*** Material provided ***

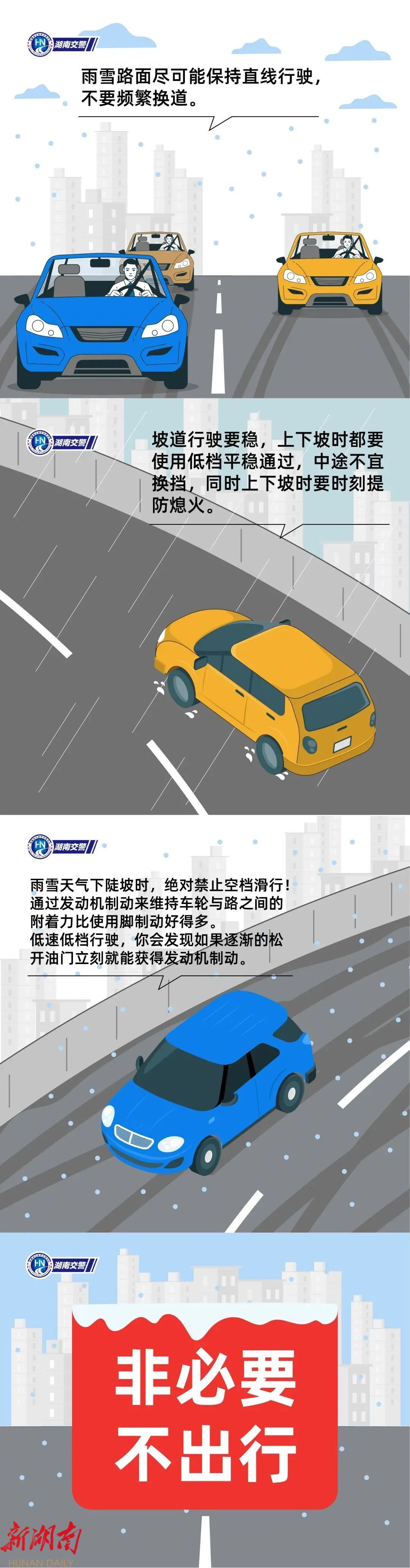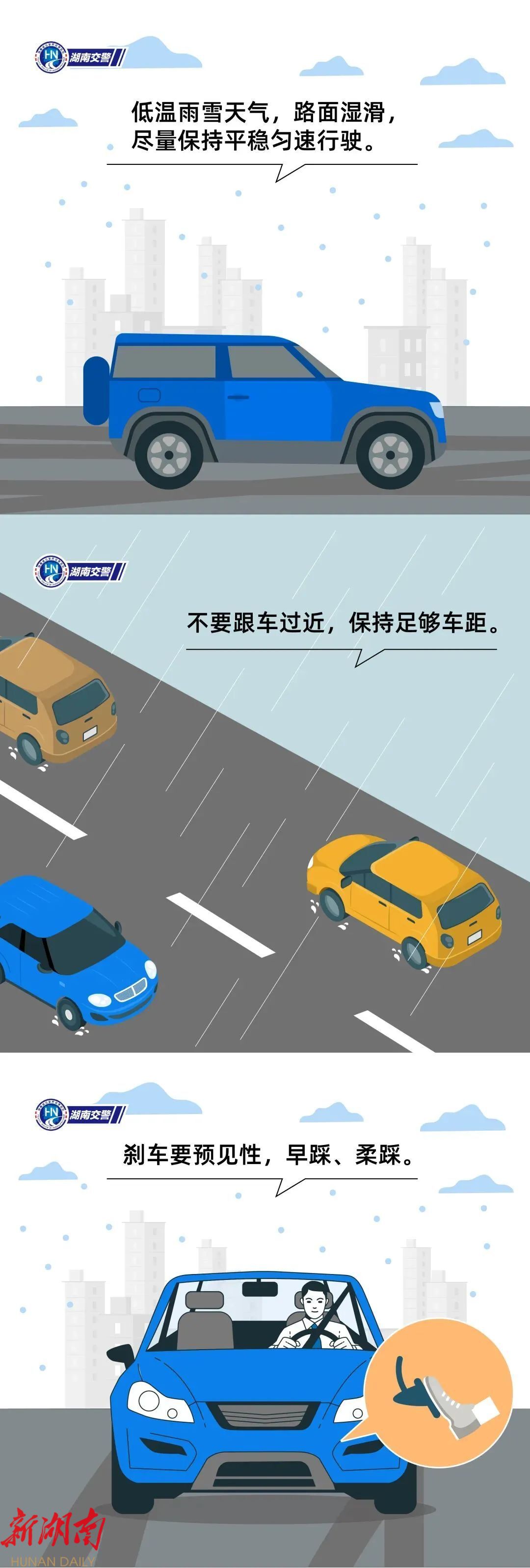 近期市内持续低温阴雨(雪)天气,将对道路交通安全产生不利影响。驾车出行前请提前了解路况信息,同时,请牢记以下安全提醒:
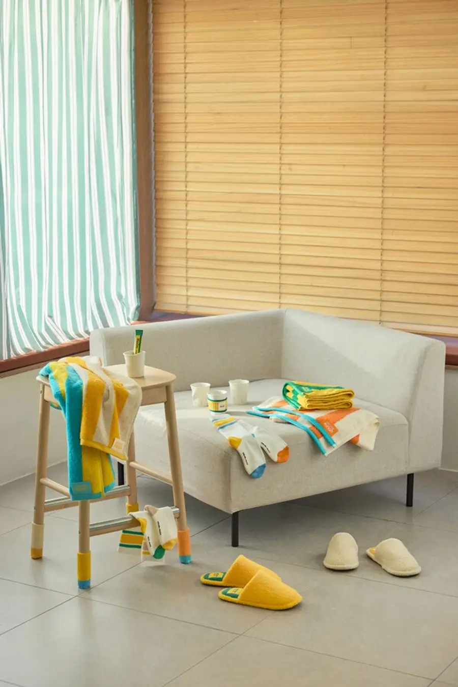 ‘컬러 오브 맥심’은 타월, 슬리퍼, 양말, 의자양말, 컵 등 일상에서 친숙한 아이템에 일상 속 소소한 행복을 전하고자 하는 맥심의 감성을 입혔다.
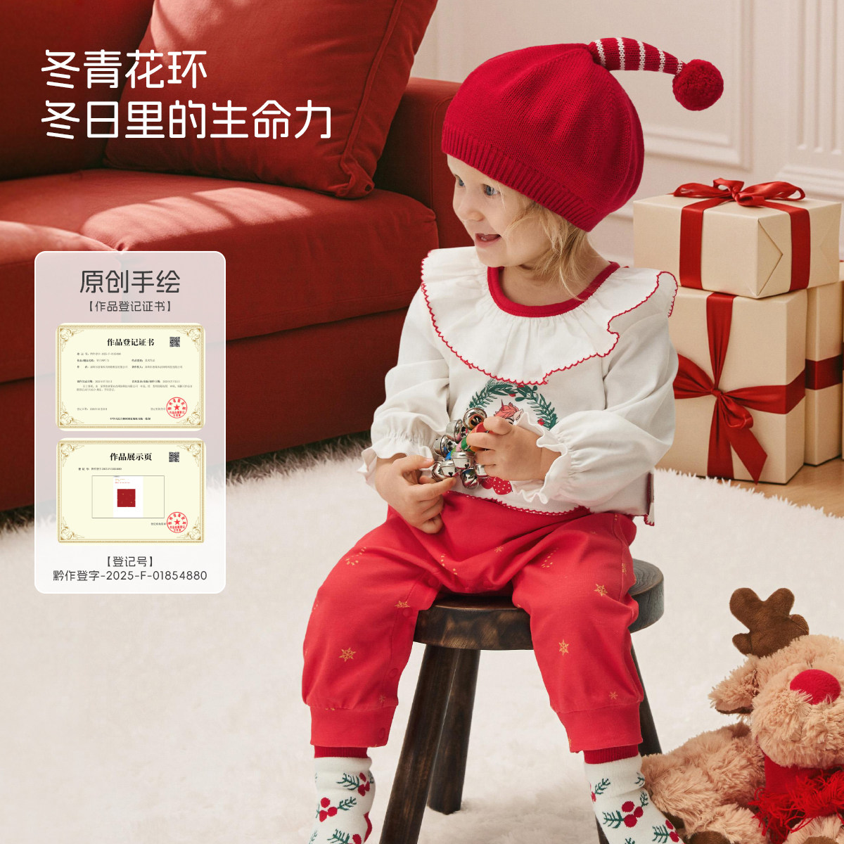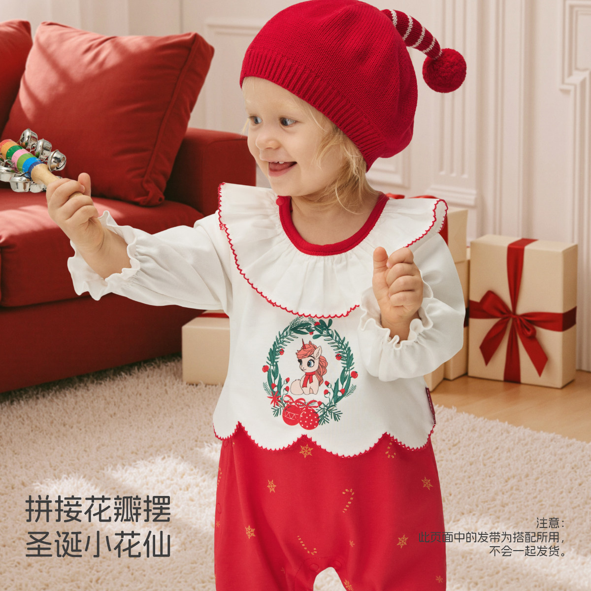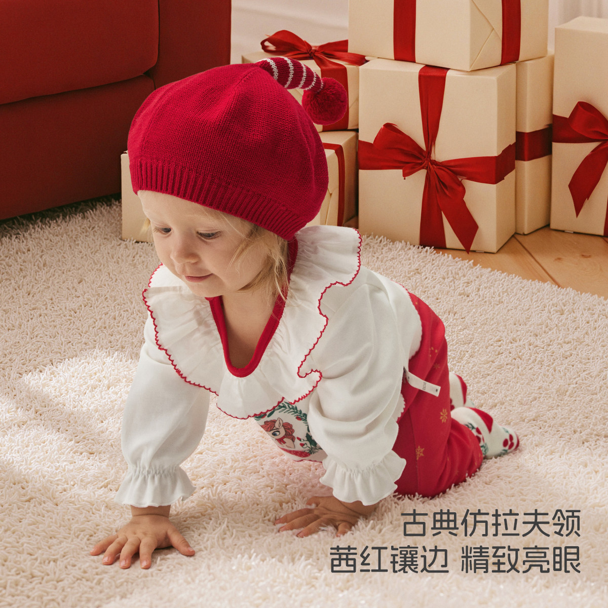 aqpa爱帕圣诞衣服婴儿连体衣新年红色拜年服春秋满月宝宝衣服外出
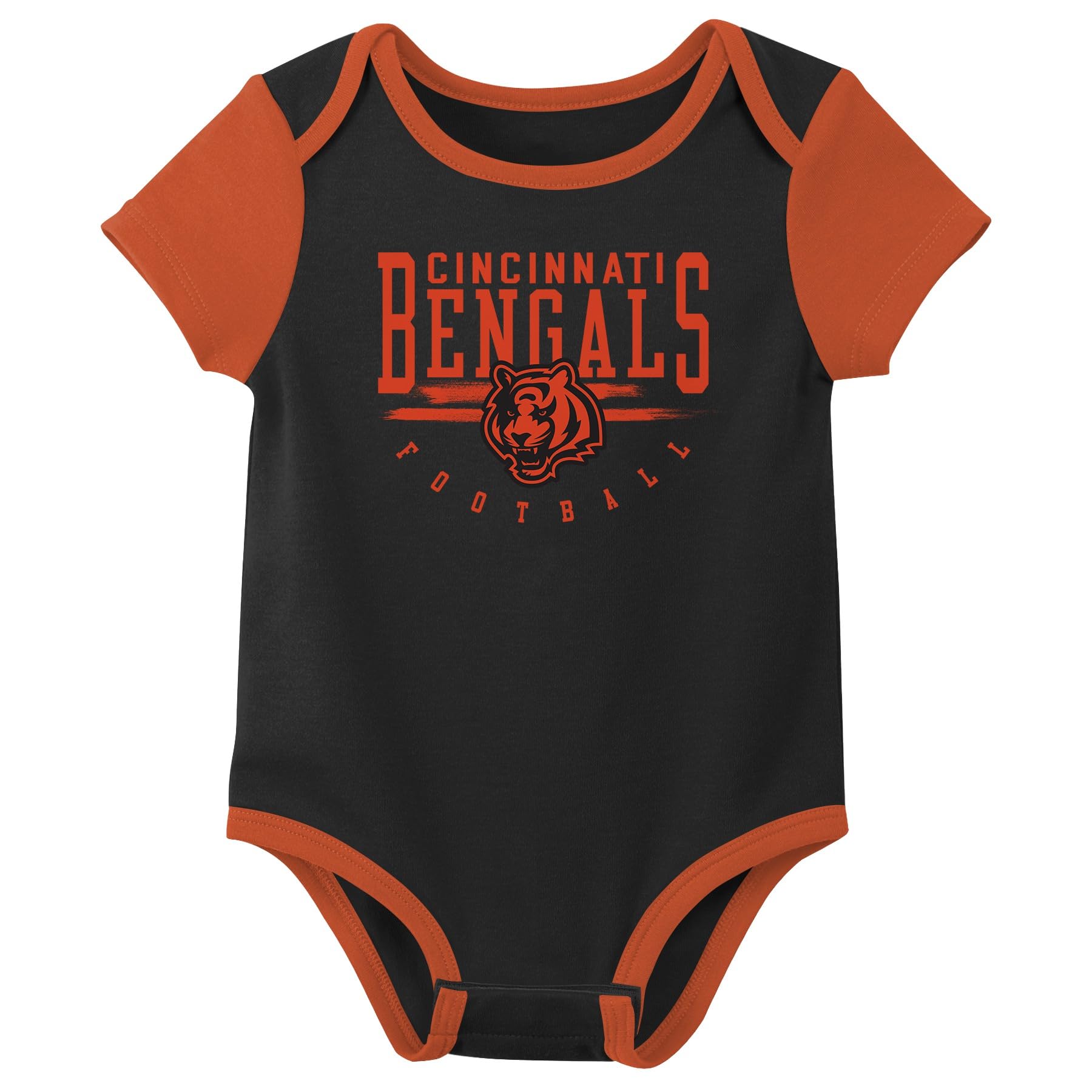 - Q: How many bodysuits are included in the pack? A: The pack includes three unique bodysuits, each featuring different Cincinnati Bengals team logos and colors.

*** End of Material provided ***

_Exercise details_
Output exactly the span of lines from the top of the listing through the line holding "aqpa爱帕圣诞衣服婴儿连体衣新年红色拜年服春秋满月宝宝衣服外出", and leave every picture out.

_Finished task_
 近期市内持续低温阴雨(雪)天气,将对道路交通安全产生不利影响。驾车出行前请提前了解路况信息,同时,请牢记以下安全提醒:
 ‘컬러 오브 맥심’은 타월, 슬리퍼, 양말, 의자양말, 컵 등 일상에서 친숙한 아이템에 일상 속 소소한 행복을 전하고자 하는 맥심의 감성을 입혔다.
 aqpa爱帕圣诞衣服婴儿连体衣新年红色拜年服春秋满月宝宝衣服外出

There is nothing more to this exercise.